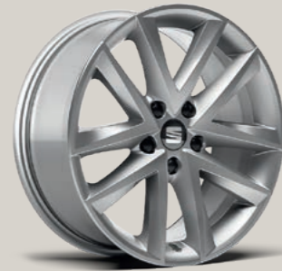
17"-LEICHTMETALLRAD DYNAMIC St
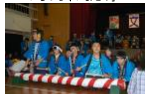
はらっぱだいこ 中学部3年
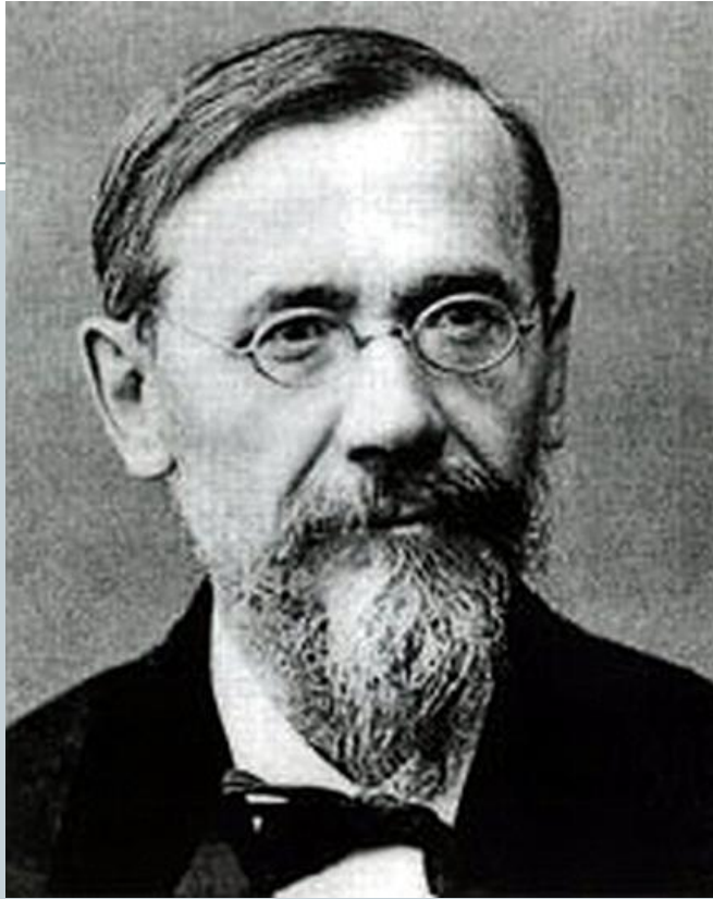
В.О. Ключевский (1841-1811 гг.)

«...народ становится государством, когда чувство национального единства получает выражение в связях политических, в единстве верховной власти и закона. В государстве народ становится не только политической, но и исторической личностью с более или менее ясно выраженным национальным характером и сознанием своего мирового значения... складываясь из союзов кровного родства, общественный состав государства подвергался обратному процессу внутреннего расчленения по разнообразным частным интересам, материальным и духовным. Так возникали многообразные частные союзы, которые входят в состав гражданского общества». В.О. Ключевский. Русская история. Полный курс лекций в трех книгах. Лекция I.
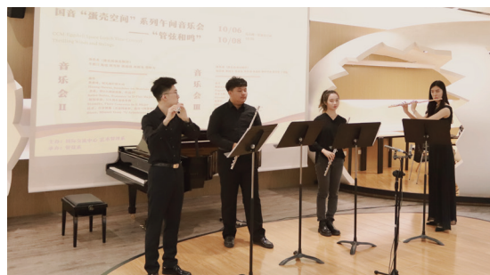
蛋壳空间午间音乐会 -2
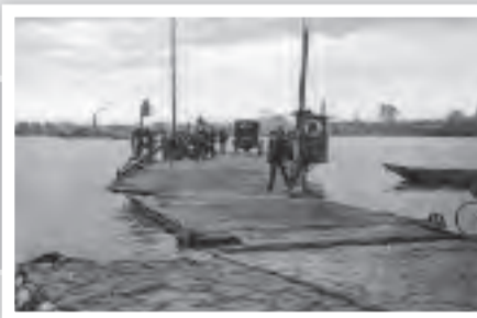
Die Fähre im Jahre 1928 mit Blick nach Orsoy.
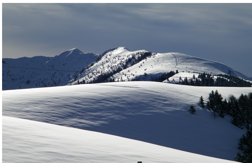
Pendii e cresta del Monte Coppolo

Dal Passo Brocon ( 1616 m.) dolcemente, per pendii innevati e poi per cresta sempre più affilata, saliremo “quasi in cima” al Monte Coppolo ( 2069m.), il cui versante sud precipita verso l'altopiano di Lamon.
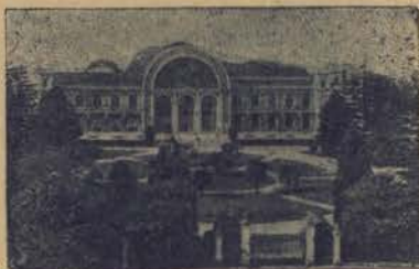
PORTO - PALACIO DE CRISTAL

Não sei se aos leitores acontece o mesmo, a nós as amabilidades, que os mil e um servos á chegada dos

_What to produce:_
If a line in the entries above has the word "cresta", copy it.

_Task answer:_
Pendii e cresta del Monte Coppolo
Dal Passo Brocon ( 1616 m.) dolcemente, per pendii innevati e poi per cresta sempre più affilata, saliremo “quasi in cima” al Monte Coppolo ( 2069m.), il cui versante sud precipita verso l'altopiano di Lamon.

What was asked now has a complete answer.